What is being asked =
Leave the pictures in the listing below aside and reproduce exactly the lines starting with the one with "des signes française" and going on through the one with "1 先ず上側から作業を開始します。 内側にシールリングを挿入します。", both ends included.

Stored data =
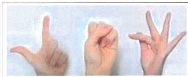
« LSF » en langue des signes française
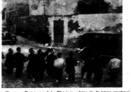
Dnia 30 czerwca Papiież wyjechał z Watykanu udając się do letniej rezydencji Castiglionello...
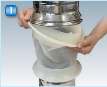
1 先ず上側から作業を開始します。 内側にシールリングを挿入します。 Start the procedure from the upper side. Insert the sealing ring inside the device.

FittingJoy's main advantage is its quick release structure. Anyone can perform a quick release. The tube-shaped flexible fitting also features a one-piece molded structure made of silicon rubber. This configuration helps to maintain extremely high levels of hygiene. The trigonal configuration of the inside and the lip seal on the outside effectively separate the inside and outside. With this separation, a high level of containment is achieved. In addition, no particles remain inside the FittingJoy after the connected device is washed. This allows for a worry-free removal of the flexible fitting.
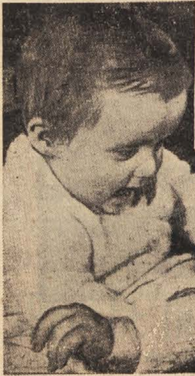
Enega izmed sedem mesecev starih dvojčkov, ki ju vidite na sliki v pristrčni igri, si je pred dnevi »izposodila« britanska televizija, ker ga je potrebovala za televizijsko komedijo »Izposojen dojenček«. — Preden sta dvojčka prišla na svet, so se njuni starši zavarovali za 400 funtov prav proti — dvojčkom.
...
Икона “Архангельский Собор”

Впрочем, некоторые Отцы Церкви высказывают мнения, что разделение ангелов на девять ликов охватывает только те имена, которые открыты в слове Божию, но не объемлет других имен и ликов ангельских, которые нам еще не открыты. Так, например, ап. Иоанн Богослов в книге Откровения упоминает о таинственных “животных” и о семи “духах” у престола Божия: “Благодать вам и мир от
---
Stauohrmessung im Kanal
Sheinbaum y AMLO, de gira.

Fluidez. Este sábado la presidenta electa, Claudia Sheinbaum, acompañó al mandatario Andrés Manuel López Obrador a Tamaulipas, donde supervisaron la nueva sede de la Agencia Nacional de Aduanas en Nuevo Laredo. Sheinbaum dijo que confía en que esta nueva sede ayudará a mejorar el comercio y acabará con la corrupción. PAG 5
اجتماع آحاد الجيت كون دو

Solution to this exercise =
« LSF » en langue des signes française
Dnia 30 czerwca Papiież wyjechał z Watykanu udając się do letniej rezydencji Castiglionello...
1 先ず上側から作業を開始します。 内側にシールリングを挿入します。 Start the procedure from the upper side. Insert the sealing ring inside the device.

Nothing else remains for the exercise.